The largest gold mine today is found in South Africa.  All throughout earth history it is believed that these large deposits were formed in the Precambrian times.  Unfortunately the Precambrian is a relatively long period of time and we know very little about it compared to more recent periods of earth history.  In a broad sense, these large African deposits occurred somewhere between about 3,000 to about 544 million years ago (Klein 336).

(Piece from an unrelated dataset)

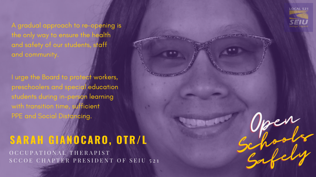 Sarah Gianocaro, COE SEIU 521 Chapter President

The South African deposits are a type of placer deposit, although the Precambrian deposits are called "fossil" placers.  These deposits are placers that at one point were flowing through streams but eventually the streams ran dry.  Over time the gold was buried under other sedimentary rocks and are consequently cemented into hard rock.  Evidence for ancient river channels and banks is seen, with one of the most famous of these deposits being the Precambrian Witwatersrand conglomerate nicknamed the "Rand."  This conglomerate is found in the Transvaal area of South Africa and other similar conglomerate fossil placers are found in the Orange Free State of South Africa (Klein 336). 

Uses of Gold

Gold was one of the very first metals to be mined in all of human history.  One reason for this is the fact that gold occurs so often in its native form which means it lacks significant amounts of other metals with it.  Along with its purity, the first miners, which can be traced all the way back to the first century, used gold because of its unmistakable beauty and durability.  Gold's ductility and malleability lend the metal to uses in decorations, jewelry, masks, cups, diadems, beads, buttons and use on the tombs of famous rulers, such as Tutankhamun (Kirkemo 2).

Gold is valued for its beauty and rarity, but also as bullion to be used in international currency settlements.  Gold is used as allied wares, electrical-electronic applications, dentistry, the aircraft-aerospace industry, the arts, medical, and chemical fields (Klein 336).  Gold's many uses, rarity, and beauty keep the price for this noble metal.